O direito das mulheres brasileiras ao voto completou 90 anos nesta última semana, mas a participação delas nos espaços de poder, no cenário político, ainda é pequena. Nestas nove décadas, um curto período do ponto de vista histórico, algumas conquistas foram alcançadas, porém, a maior representatividade feminina em cargos públicos segue como um desafio a ser superado.
Especialistas - mulheres - ouvidas pelo JC avaliam que o ambiente político, majoritariamente masculino e, não raro, machista, permanece hostil, o que torna mais tortuoso e difícil o caminho para que elas possam exercer suas funções em igualdade de condições com os homens. Assim, mesmo que 30% das candidaturas em eleições proporcionais precisem ser, obrigatoriamente, de mulheres, nas duas últimas disputas, em 2018 e 2020, o índice de candidatas eleitas para cargos de vereadoras, deputadas estaduais e federais não passou da casa de 16% do total de escolhidos por meio do voto.
"Infelizmente, ainda há muita resistência masculina em relação à maior participação das mulheres na política, embora já existam alguns que apoiem esta causa. Mas elas ainda têm muito trabalho pela frente, precisam se dedicar dez vezes mais do que eles para impor respeito", analisa a militante política Haydée das Dores de Souza, que é uma das fundadoras do Conselho Municipal de Políticas para Mulheres.
E os desafios surgem antes mesmo do exercício dos mandatos. Ainda na campanha, nem sempre as mulheres recrutadas pelos partidos para cumprir a cota de 30% das candidaturas têm garantia de efetivo apoio das legendas e repasse de recursos do Fundo Eleitoral para que consigam divulgar suas propostas.
E, se eleitas, seguem correndo o risco de serem descredibilizadas, desencorajadas e até assediadas - moral e sexualmente - por seus pares. "Porém, justamente em função desta hostilidade, vejo que elas estão marcando presença com uma firmeza muito grande, especialmente no Congresso. Como elas têm de provar que são boas no que fazem, quando apresentam discussões ou projetos, elas estão mais preparadas, instrumentadas", analisa a professora de história Sonia Mozer.
HISTÓRICO
As especialistas explicam que a reivindicação pela participação feminina na política começou a ganhar força no início do século 20, a partir da militância política de mulheres na Europa e Estados Unidos. O movimento, conhecido como sufragista, inspirou outros tantos no mundo todo e favoreceu a conquista do voto feminino em diversos países, incluindo o Brasil.

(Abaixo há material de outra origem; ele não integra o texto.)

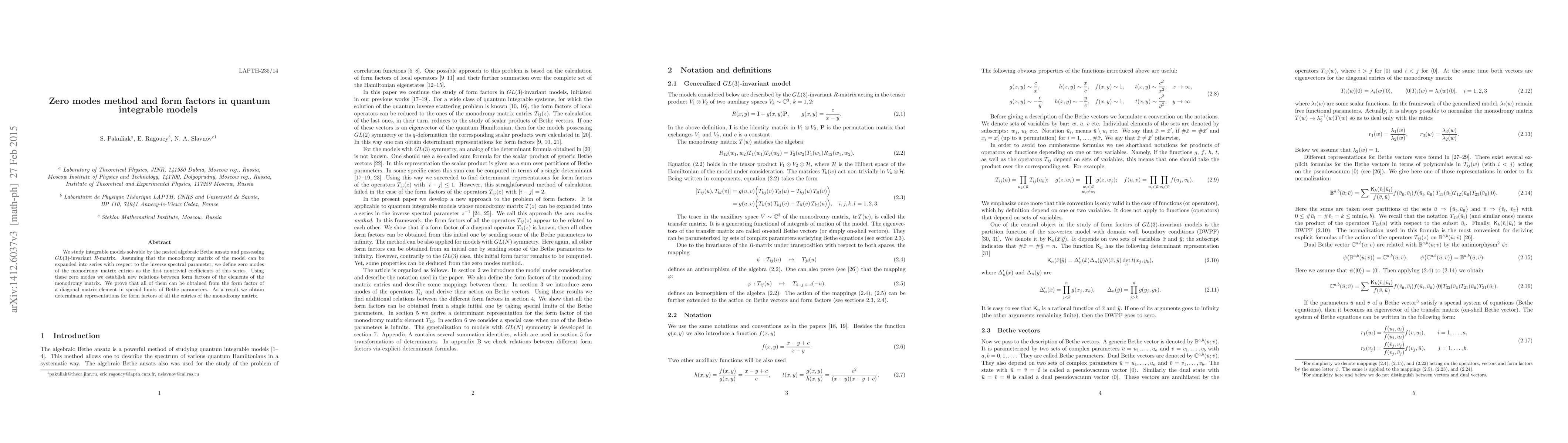 This paper explores integrable models using the nested algebraic Bethe ansatz and $GL(3)$-invariant $R$-matrix, defining zero modes from the monodromy matrix's inverse spectral parameter expansion. It establishes new relations between form factors via these zero modes and provides determinant representations for all form factors.
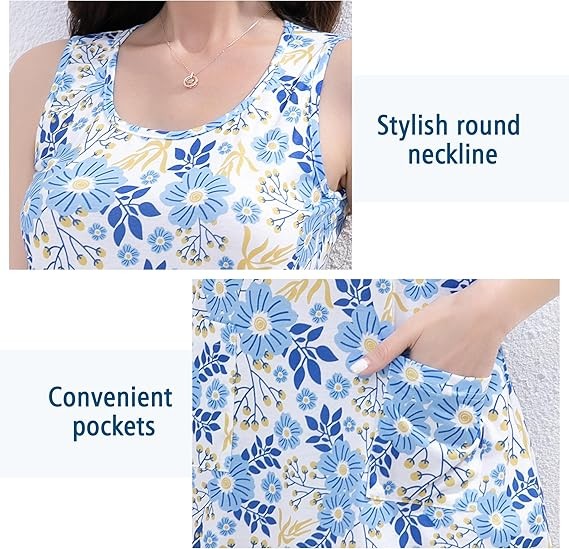 Material: Summer Dresses for women Crafted from 95% polyester and 5% elastane, womens summer dresses offers a soft, stretchy fit that resists shrinking, providing lasting comfort throughout the day. Features:Sleeveless dress for women features a vibrant print with a relaxed round neckline and flattering A-line silhouette, giving off a chic Boho dresses. Beach dress sleeveless design makes it perfect for summer. Occasion:Summer dresses perfect for casual outings, daily wear, family events, the beach, work, party,club,church,holiday,outgoing vacations, dates, shopping, and school. women's casual dresses easily transitions from casual to stylish, making it ideal for spring, summer, and fall.
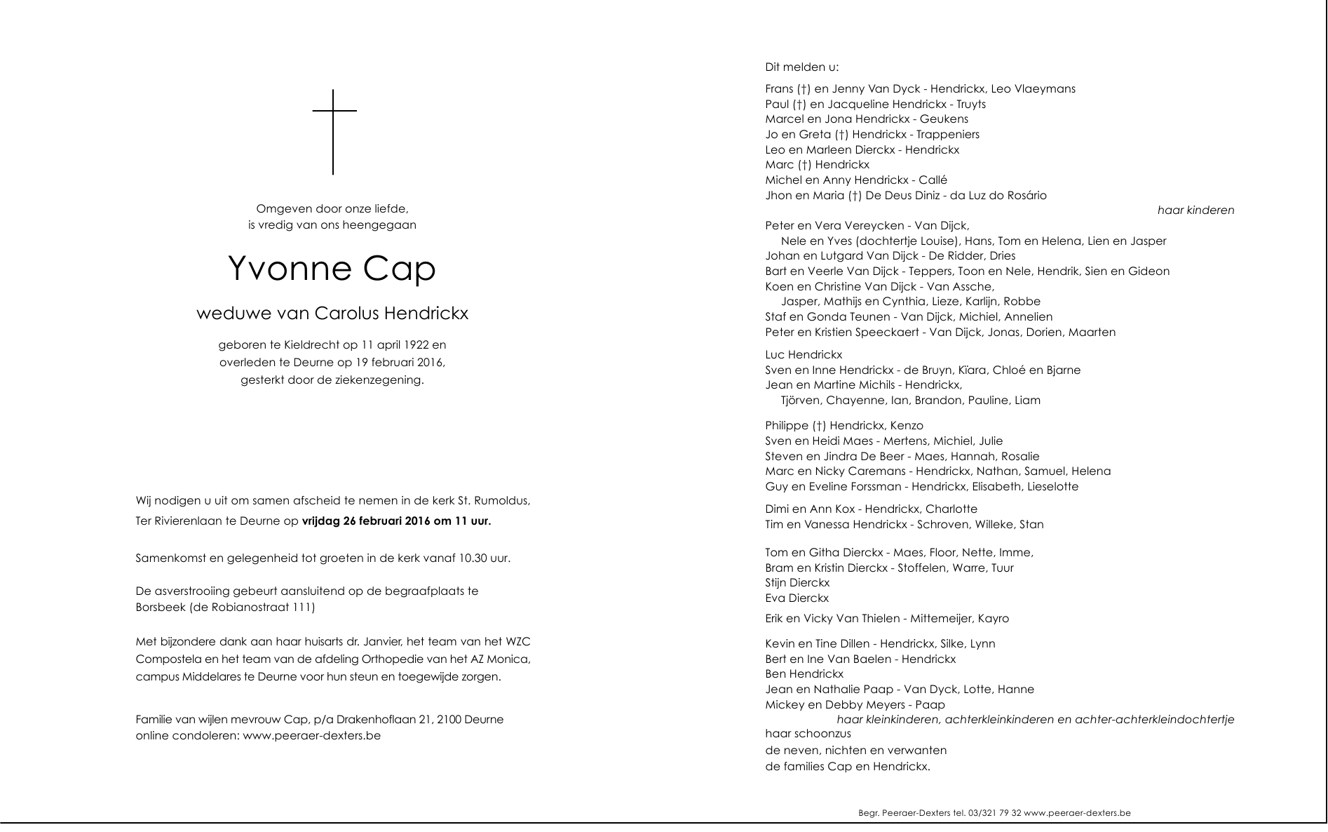 Overleden te Deurne (Antwerpen) (2100) op vrijdag 19 februari 2016 op 93-jarige leeftijd
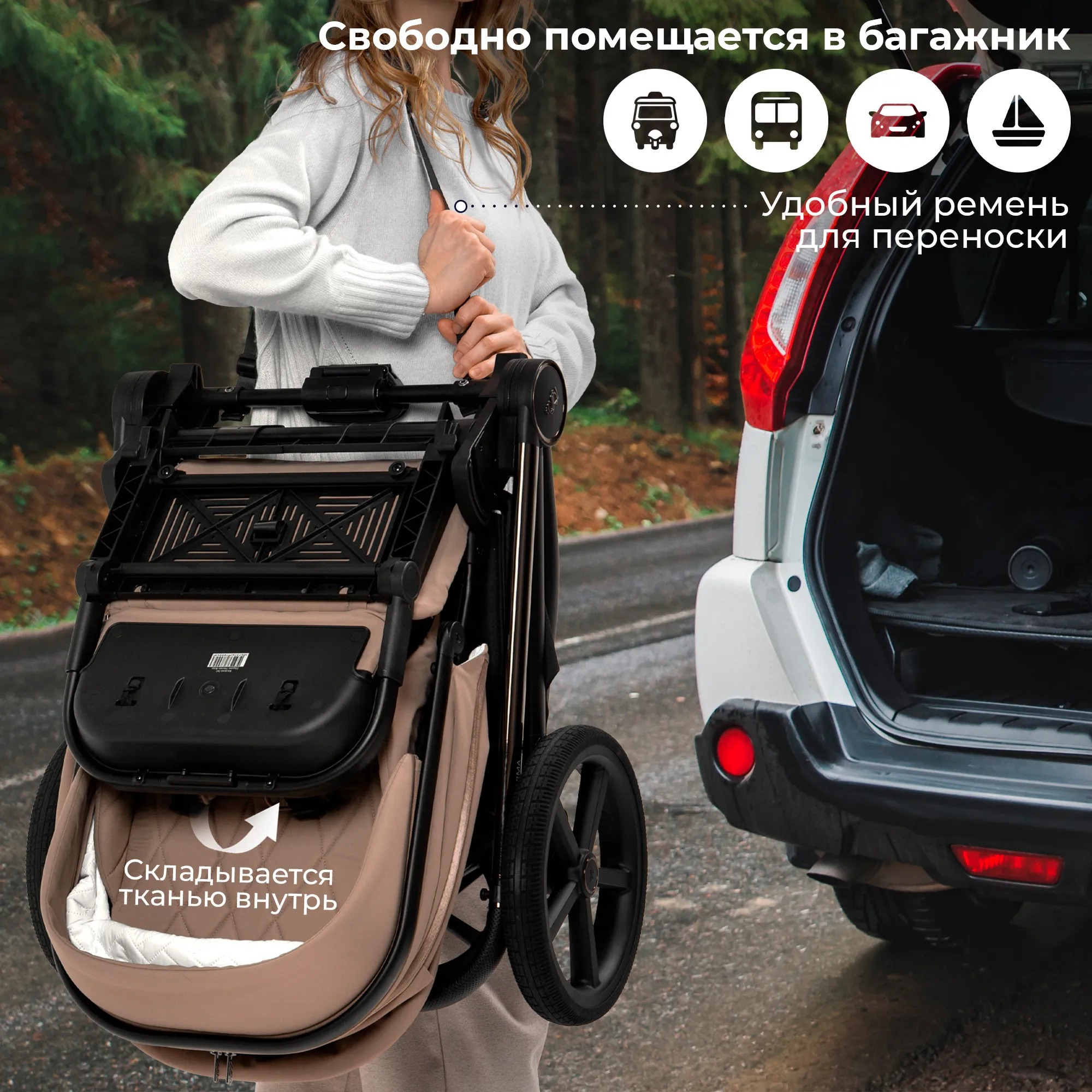 Обратите внимание на новые увеличенные колеса из высокомолекулярного полимера, аналогичных тем, что используются в кроссовках Nike. Эти колеса гарантируют отличную амортизацию и сцепление с различными покрытиями, что делает каждую прогулку плавной и комфортной. Даже на неровных поверхностях ваш малыш не почувствует ни малейшего дискомфорта, а родителям будет легко управлять коляской благодаря высокоэффективной амортизации как передних, так и задних колес.
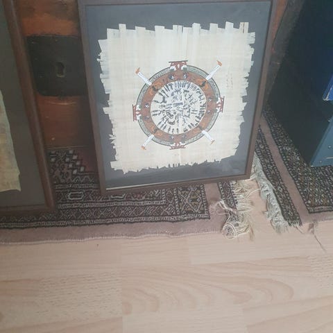 Frankin Mint - papyrus. Upea isokokoinen papyrus taulu aitoustodistuksella. Koko korkeus 60,6cm, leveys 78,2cm. Kehyksissä kulumaa.
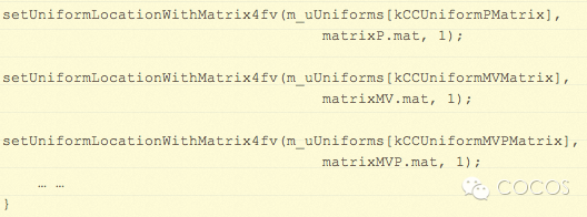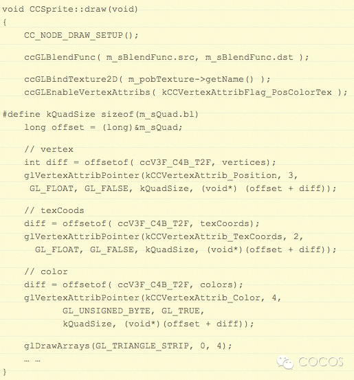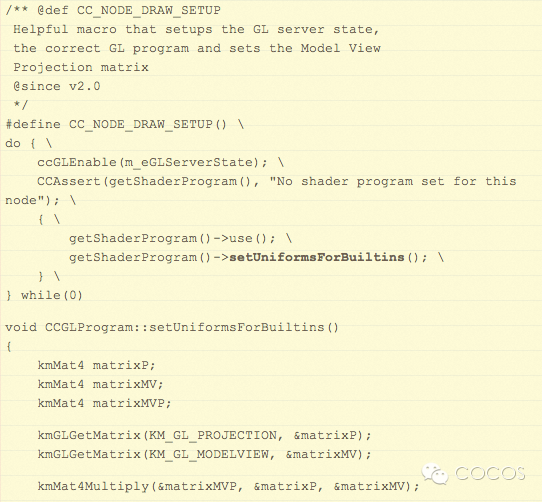 这里的draw是一个典型的OpenGL绘制工序。CC_NODE_DRAW_SETUP()将之前的经过若干准备而得到的最终各类变换矩阵 整合并传给OpenGL:

Em solo brasileiro, esse direito só foi garantido em 24 de fevereiro de 1932, quando o novo Código Eleitoral entrou em vigor, durante o governo provisório do ex-presidente Getúlio Vargas. A data é conhecida hoje como o Dia da Conquista do Voto Feminino. "Porém, na época, não havia a noção de que a mulher deveria votar de acordo com suas convicções, mas sim de acordo com o que o marido ou pai ordenassem. A discussão sobre igualdade de gênero não era efervescente como hoje", pondera Sonia.
Conforme reforça Haydée Souza, mesmo depois deste avanço, as mulheres continuaram sendo criadas para serem mães de família, esposas e donas de casa, ou seja, dedicadas ao universo privado. "Mas, quando, por circunstâncias econômicas, elas começaram a ingressar no mercado de trabalho, passaram a ter mais condições de reivindicar igualdade de direitos, inclusive quanto à atuação na esfera pública", frisa.